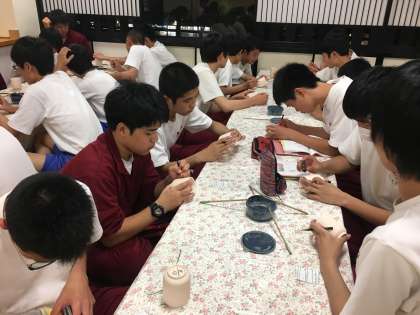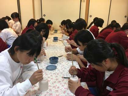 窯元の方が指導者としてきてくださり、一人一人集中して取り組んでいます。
==
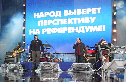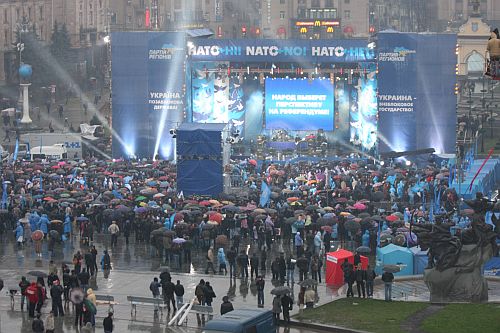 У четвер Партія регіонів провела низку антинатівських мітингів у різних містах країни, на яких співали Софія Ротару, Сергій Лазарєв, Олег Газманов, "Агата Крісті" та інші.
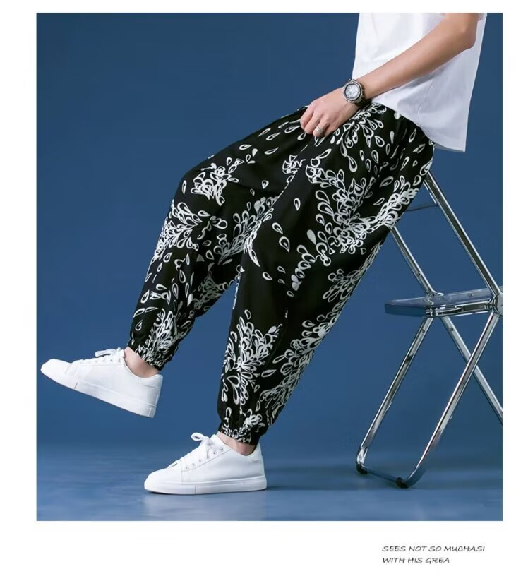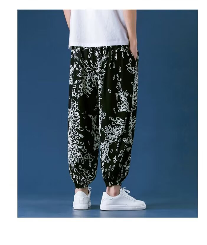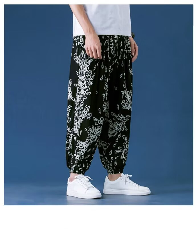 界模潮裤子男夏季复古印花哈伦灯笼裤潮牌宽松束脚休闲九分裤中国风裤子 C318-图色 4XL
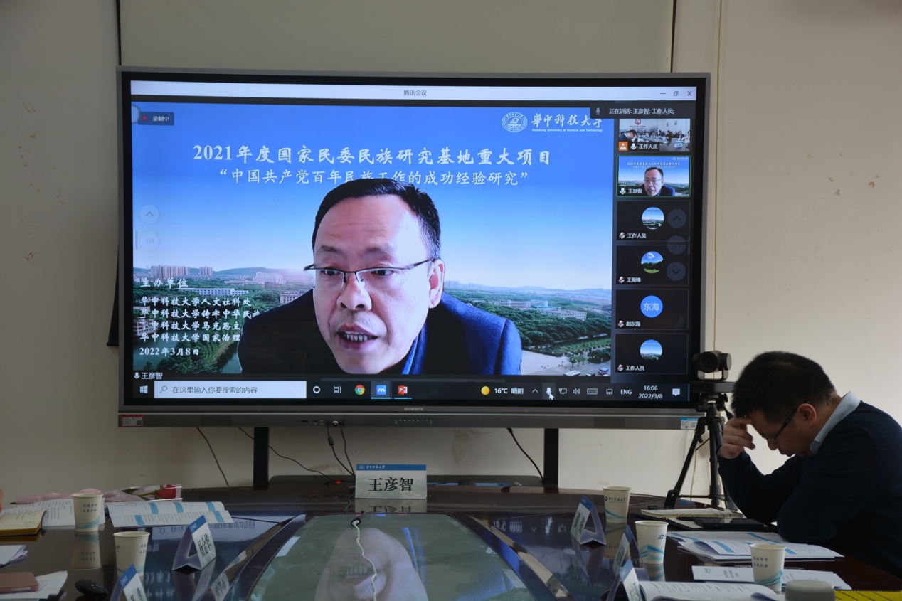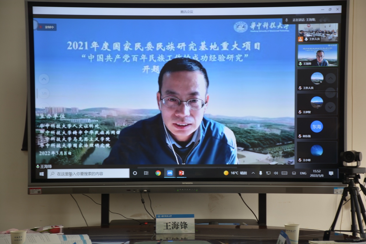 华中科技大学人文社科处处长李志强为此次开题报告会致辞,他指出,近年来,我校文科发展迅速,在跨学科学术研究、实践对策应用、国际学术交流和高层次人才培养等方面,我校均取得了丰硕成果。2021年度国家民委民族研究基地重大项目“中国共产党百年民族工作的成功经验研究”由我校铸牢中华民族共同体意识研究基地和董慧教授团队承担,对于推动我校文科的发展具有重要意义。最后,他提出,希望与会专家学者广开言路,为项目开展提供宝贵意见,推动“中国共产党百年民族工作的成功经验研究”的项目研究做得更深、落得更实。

▶ **Work request**
The answer must be the lines above from the one containing "У четвер Партія" through the one containing "华中科技大学人文社科处处长李", reproduced exactly, with no pictures and nothing else.

▶ **Task output**
 У четвер Партія регіонів провела низку антинатівських мітингів у різних містах країни, на яких співали Софія Ротару, Сергій Лазарєв, Олег Газманов, "Агата Крісті" та інші.
 界模潮裤子男夏季复古印花哈伦灯笼裤潮牌宽松束脚休闲九分裤中国风裤子 C318-图色 4XL
 华中科技大学人文社科处处长李志强为此次开题报告会致辞,他指出,近年来,我校文科发展迅速,在跨学科学术研究、实践对策应用、国际学术交流和高层次人才培养等方面,我校均取得了丰硕成果。2021年度国家民委民族研究基地重大项目“中国共产党百年民族工作的成功经验研究”由我校铸牢中华民族共同体意识研究基地和董慧教授团队承担,对于推动我校文科的发展具有重要意义。最后,他提出,希望与会专家学者广开言路,为项目开展提供宝贵意见,推动“中国共产党百年民族工作的成功经验研究”的项目研究做得更深、落得更实。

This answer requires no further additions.